Paul Hirsch (petitioner) and A. Teresa Hirsch, husband and wife, resided in Indianapolis, Indiana, at the time they filed their petition herein. Petitioners timely filed their Federal income tax returns for 1973, 1974, and 1975 with the Internal Revenue Service Center, Memphis, Tennessee.
Petitioner is an attorney at law licensed to practice in the State of Indiana. During the years in issue he earned between $49,000 and $150,000 per year from that practice. Carl*625 E. Verble was a close friend and major client of petitioner. Petitioner provided legal services to Verble, to members of his family, and to several business entities in which Verble held an interest. Petitioner did not regularly bill for these services, and he did not keep time records or any other detailed records from which the value of his legal services could be ascertained.
In addition to serving as Verble's attorney, petitioner held interests at various times in several partnerships controlled by Verble. These partnerships included Castleton Project Associates (Castleton) and Altamonte Plaza Associates (Altamonte).

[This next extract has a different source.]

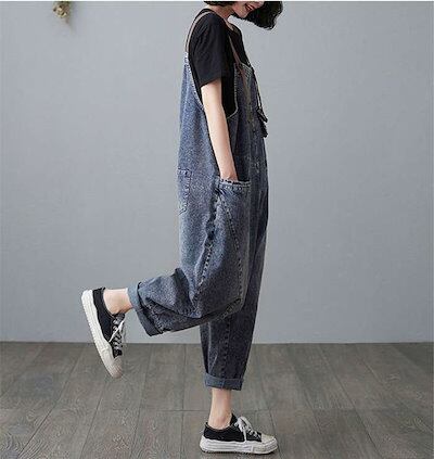 デニムサロペット サロペット デニム 大きいサイズ ワイド パンツ レディース オーバーオール オールインワン サスペンダー キャンプ カジュアル ロング 体型カバー ゆったり 楽ちん 大人 デニムワ

On December 20, 1972, petitioner entered into an agreement whereby he obtained an interest in Castleton. The agreement provided, inter alia, that the purpose of the partnership was to construct, rent, own, and manage commercial real estate; that net profits and net losses were to be allocated 90 percent, 5 percent, and 5 percent to Verble, Richard M. Orr, and petitioner, respectively; and that "[a]ll funds of the partnership shall be distributed in accordance with the percentages herein set out." Petitioner did not contribute any cash to Castleton. His*626 interest was obtained solely in exchang for legal services rendered in the organization of the partnership.
Near the end of 1973 petitioner and Verble met to discuss legal fees for that year. Verble, who at that time was short of cash, suggested that in lieu of cash petitioner accept a special allocation of interest expense from a partnership in which they each held an interest. Petitioner decided that the tax benefit he would receive from such an allocation would be reasonable payment for his services performed for Verble. On December 30, 1973, the Castleton partners entered into the agreement whereby $63,000 of interest expense deduction was allocated from Verble to petitioner. The agreement provided that cash flow was not to be affected, that distributions were to be in accordance with the partnership agreement, and that petitioner's capital account was to be charged with the allocation. This allocation of Castleton's interest expense had no relation to the value of legal services, if any, provided by petitioner to that partnership.
On February 22, 1974, petitioner obtained a 2-percent interest in Altamonte. This interest was assigned to petitioner by Richard M. Orr in*627 exchange for legal services rendered in the organization of the partnership. The terms of the assignment required petitioner to agree to be bound by all the terms and conditions of the Altamonte partnership agreement. Immediately prior to the assignment, the partnership agreement provided in part:
7. Profit and Loss. The net profits of the partnership shall be divided between the partners in the following percentages:
Name of Partner | Percentage |
Carl E. Verble | 46 1/2% |
W. Jane Verble | 46 1/2% |
Richard M. Orr | 7 % |
The net losses of the Partnership shall be borne by the partners in accordance with the said percentages herein set out. All funds of the partnership shall be distributed in accordance with the percentages herein set out.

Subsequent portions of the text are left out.